**Exercise objective**
Retype word for word the stretch of entries below from the line that has "About This Linen" through the line that has "每个ArrayList实例都", and omit the pictures.

**Listed entries**
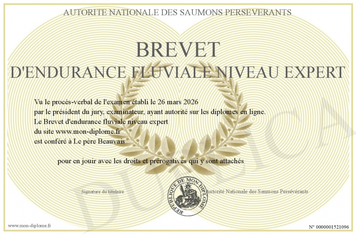 Envoyez par email votre Brevet d'endurance fluviale niveau expert personalisé
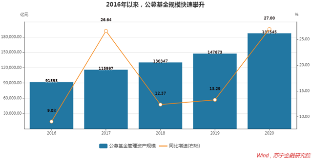 自2016年以来,公募基金规模快速攀升,截止2020年11月,公募基金管理规模达到18.75万亿元,同比增长27%,较2016年翻倍增长。
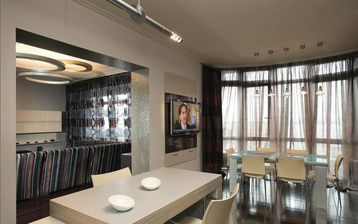 Диван может служить для отдыха днем, а ночью раскладываться в кровать. Нередко на такой мебели имеются ящики и полки для хранения вещей. В столовой лучше использовать гарнитур, который имеет подвесной шкаф и ящики для хранения. Остальную технику следует спрятать в дополнительных нишах или купить встроенные модели. Если на этой зоне сделан акцент, стоит приобрести стол с круглыми краями – он сэкономит пространство в квартире. Гардеробные и встроенные шкафы могут служить перегородкой в спальной зоне.
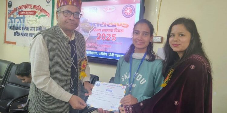 गढ़वाल। राज्य स्थापना दिवस की रजत जयंती के अवसर पर राजकीय स्नातकोत्तर महाविद्यालय थलीसैंण में “बेटी बचाओ, बेटी पढ़ाओ” योजना के तहत “अफसर बिटिया” कार्यक्रम का आयोजन किया गया। कार्यक्रम का शुभारंभ महाविद्यालय के प्राचार्य योगेन्द्र चन्द्र सिंह एवं बाल विकास परियोजना अधिकारी थलीसैंण पूजा रावत द्वारा दीप प्रज्ज्वलन के साथ किया गया।
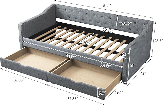 About This Linen Fabric 【Classical Design】This twin size classical upholstered daybed features button tufted backrest that creates an elegant look....
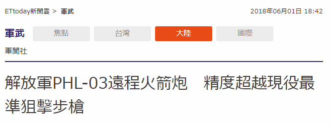 台媒一年前刊登的一篇军事分析文章还形容PHL-03型300毫米远程火箭炮“多发齐射的壮观景象另人瞋目结舌”“展示出高精确的打击与巨大威力”,更援引军事作家科罗廖夫的话表示称“其射击精度已远超过现役最准的狙击步枪。”
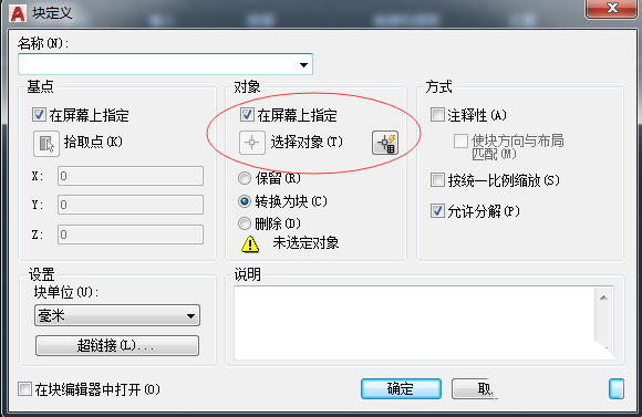2、在塊定義工具欄中,“對象”一欄中去掉在“屏幕上指定”,然后點擊選擇對象右側圖示位置,然后選中圖中要定義為塊的圖形,選中后,點擊空格退回到工具欄中。
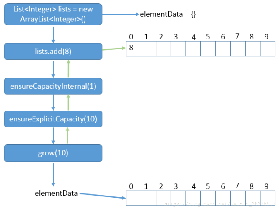 每个ArrayList实例都有一个容量,该容量是指用来存储列表元素的数组的大小。默认初始容量为10。随着ArrayList中元素的增加,它的容量也会不断的自动增长。
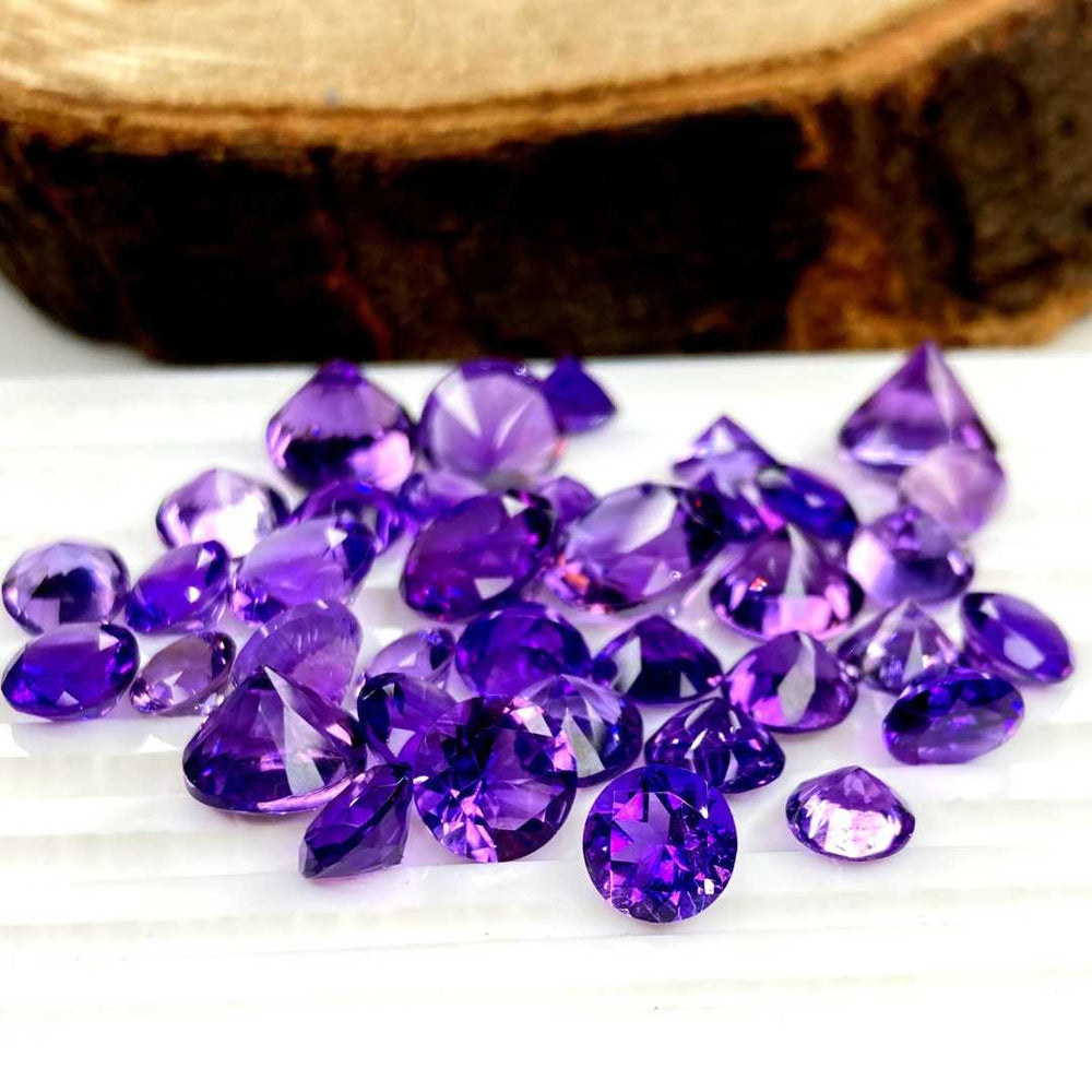 Natural Amethyst Round Shape Faceted Cut Purple Amethyst Gemstone 6 mm To 9 mm

**Output below**
 About This Linen Fabric 【Classical Design】This twin size classical upholstered daybed features button tufted backrest that creates an elegant look....
 台媒一年前刊登的一篇军事分析文章还形容PHL-03型300毫米远程火箭炮“多发齐射的壮观景象另人瞋目结舌”“展示出高精确的打击与巨大威力”,更援引军事作家科罗廖夫的话表示称“其射击精度已远超过现役最准的狙击步枪。”
2、在塊定義工具欄中,“對象”一欄中去掉在“屏幕上指定”,然后點擊選擇對象右側圖示位置,然后選中圖中要定義為塊的圖形,選中后,點擊空格退回到工具欄中。
 每个ArrayList实例都有一个容量,该容量是指用来存储列表元素的数组的大小。默认初始容量为10。随着ArrayList中元素的增加,它的容量也会不断的自动增长。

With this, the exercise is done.